US Airways Flight 835
Scheduled Time of Departure/Actual Time of Departure: 10:40 a.m./~11:00 a.m.
Scheduled Time of Arrival/Actual Time of Arrival: 3:29 p.m./ ~4:45 p.m.
Airbus A319 701UW
Seat 11F changed to seat 10F

Because the flight was to San Juan, there was some confusion over where to check in, and we got sent to different locations until a kind gentleman at the Shuttle counter allowed us to check in, and also helped us to work out some ticketing problems at the gate (a long story). Security was fine, and the terminal was actually pretty nice with a variety of food and shopping options. As I knew that food and drinks were BOB, we bought some at the terminal. I had been monitoring the flight since the day before, but the website always indicated it would be on time. Despite all the falling snow, lo and behold the plane was at the gate and ready to go! I was excited because it was in the Star Alliance livery; does anyone know how many US planes have this paint scheme? Boarding was orderly, but as we were some of the last people on we saw passengers already in some of our seats (scheduled to be row 11 across). It turns out that a flight attendant had moved them from the exit row on account of them not understanding English, so three of us were in 11DEF and three (including me) in the row before, 10DEF. I discovered that this row—and seat 10F (and 10A) in particular—is one of the best on the plane. All the seats had full recline and extra legroom, and the window seats had more than double the legroom because the seat in front (9F/9A) had been removed for access to the exit). I could store my stuff under seat 8F and have a ton of room to stretch out. The tray table was in the armrest and was somewhat flimsy, but I didn’t mind.

A word about the seats themselves. I had expected the plane to have the usual blue-and-white-striped cloth seats, so I was surprised to see that the interior had apparently been refurbished with bright blue leather seats that were very comfortable. In addition, the “no smoking” sign adjacent to the “fasten seat belts” sign had been replaced with “turn off portable electronic devices.” This was illuminated during take off and landing, and turned off when the captain gave clearance. I found this to be very handy, particularly for someone who is Deaf as they would not necessarily hear the announcement by the flight attendant giving approval. Overall, the cabin had a very bright and airy feel.

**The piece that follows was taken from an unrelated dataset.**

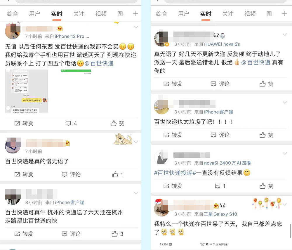 界面新闻在社交媒体上发现,不少网友反映自己的百世快递好几天不更新物流信息,快递员的电话也联系不上,一位网友反映自己的快递在杭州6天了仍在还在杭州。

The safety demonstration was performed manually as the IFE system had been completely deactivated, although the flip-down screens were still present and stored and the audio instruments were still visible in the armrest. We pushed back about 20 minutes late and rumbled over to the deicing zone, where we waited about 30-40 minutes along with several other US and B6 planes. Sitting over the wing, I was able to see all of the deicing action take place, and it was a pretty cool process to watch being sprayed with the orange and green fluid. I felt bad that the man working the de-icing equipment was sitting basically in an open bucket, that is, he was unsheltered apart from his jacket hood. He wasn’t even wearing glasses or goggles; hopefully the weather wasn’t too hard on him. After being deiced we taxied and soared into the air. The flight attendants were friendly overall, and made numerous passes through the cabin with drink, meal, and garbage runs. However, when I went back to use the lavatory, I saw one loudly playing a game on a computer. I know the FAs need ways to pass the time, but I found her manner to be somewhat unprofessional. It’s just my personal opinion, however. The food choices were a cranberry cream cheese sandwich on molasses bread or a barbecue chicken salad for $7, neither of which I tried. The captain and first officer were very good at providing regular updates from the flight deck, with an emphasis on the weather description; I bet they were trying to get us psyched for warm and sunny Puerto Rico! Because of the late pushback and wait for de-icing, we arrived in San Juan about 1.5 hours behind schedule. (However, I saw that the American Airlines BOS-SJU flight, scheduled to leave at a similar time, was delayed 25 hours because of weather-related crew problems, so I guess we got lucky!) Bags came out quickly in San Juan, and our next flight wasn’t until the following day, so we enjoyed some time in the city.

Scores (out of 10):

Check-in: 6.0 (sent to various places in the terminal)
Airport facilities: 9.5 (good views of the tarmac and selection of food and shopping, although a long walk)
Boarding: 8.0
Seat comfort: 9.5 (exit row, lots of extra legroom, leather seat, full recline; no headrest)
Crew: 8.0 (good information from flight deck, cabin crew friendly as well)
Food/Beverage: N/A
Baggage retrieval: 7.0 (not US’s fault, but it was a walk to the claim and there were no individual luggage carts! All we could do was hail a porter for help)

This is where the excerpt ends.